Don't make your agent think when it can know.

Amply is an API that returns real-time, machine-readable data on the best service for a given task, including price, speed, and reliability.

Live in 60 Seconds

Three steps: get a key, copy the request, run it.

1

Step 1 of 3

Get your free API key

Sign in with Google from the dashboard. Your key is tied to your account.

2

Step 2 of 3

Copy this curl

Same payload as the API console. Replace YOUR_API_KEY.

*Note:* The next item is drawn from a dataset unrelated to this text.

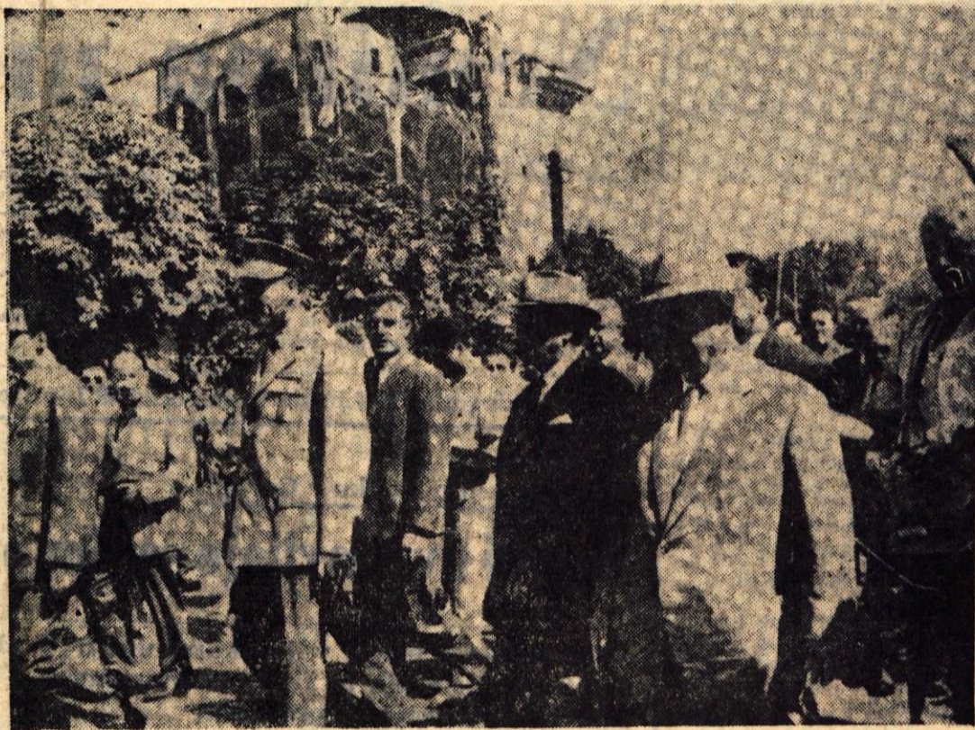
Premier Hruščov si je v spremstvu predsednika Tita v četrtek dopoldne ogledal dela v porušenem Skopju

curl -s -X POST "https://www.useamply.com/api/v1/route" \
  -H "Content-Type: application/json" \
  -H "Authorization: Bearer YOUR_API_KEY" \
  -d '{"task":"store 100k 1536 dimensional vectors with metadata filters and run 50 similarity queries","dimension":1536,"workload_type":"hybrid","filter_complexity":"high"}'
3

Step 3 of 3

Run it

You get JSON with recommended, rankings, economics, and why, then wire it into your agent.

The problem

Every agent today guesses, or burns time reasoning

Most agents either pick an API on a whim, or spend 10 to 30 seconds reasoning it out. That costs roughly $0.10 to $0.50 per decision, adds serious latency, and still produces inconsistent results.

Multiply that across millions of agent actions, and it becomes a massive inefficiency in the system.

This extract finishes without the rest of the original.